DATA EXCERPTS:
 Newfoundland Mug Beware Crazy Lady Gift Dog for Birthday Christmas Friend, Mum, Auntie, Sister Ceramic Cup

--

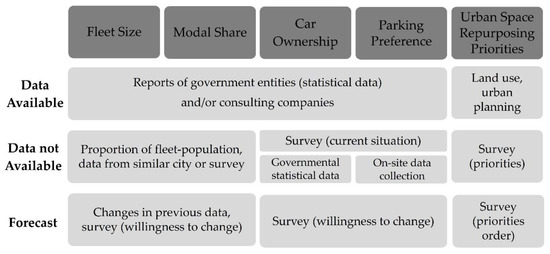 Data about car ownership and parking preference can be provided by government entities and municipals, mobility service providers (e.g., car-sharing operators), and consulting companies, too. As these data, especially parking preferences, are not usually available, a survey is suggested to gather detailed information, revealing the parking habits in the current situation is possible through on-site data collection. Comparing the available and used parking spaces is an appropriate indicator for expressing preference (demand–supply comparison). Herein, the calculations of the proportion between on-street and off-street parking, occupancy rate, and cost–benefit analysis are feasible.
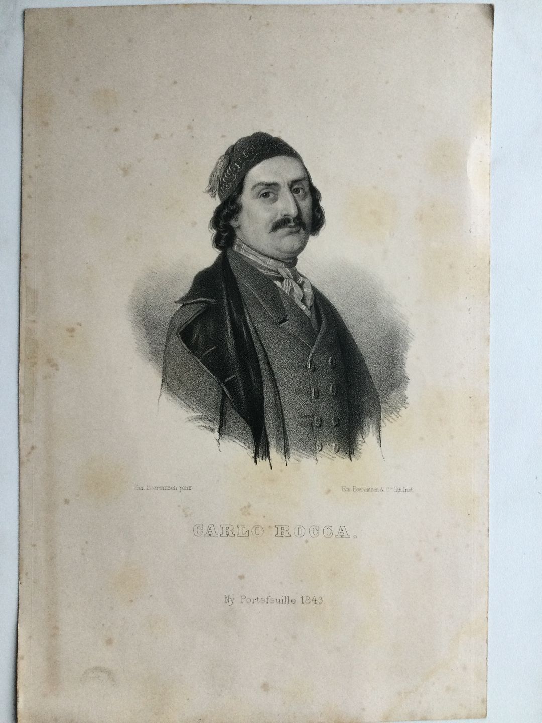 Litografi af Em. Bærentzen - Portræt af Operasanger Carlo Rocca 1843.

EXERCISE OBJECTIVE: Look above for the line containing "Data about car", then write out every line from there down to the line containing "Litografi af Em.", that line included, with no pictures.

ANSWER BOX:
 Data about car ownership and parking preference can be provided by government entities and municipals, mobility service providers (e.g., car-sharing operators), and consulting companies, too. As these data, especially parking preferences, are not usually available, a survey is suggested to gather detailed information, revealing the parking habits in the current situation is possible through on-site data collection. Comparing the available and used parking spaces is an appropriate indicator for expressing preference (demand–supply comparison). Herein, the calculations of the proportion between on-street and off-street parking, occupancy rate, and cost–benefit analysis are feasible.
 Litografi af Em. Bærentzen - Portræt af Operasanger Carlo Rocca 1843.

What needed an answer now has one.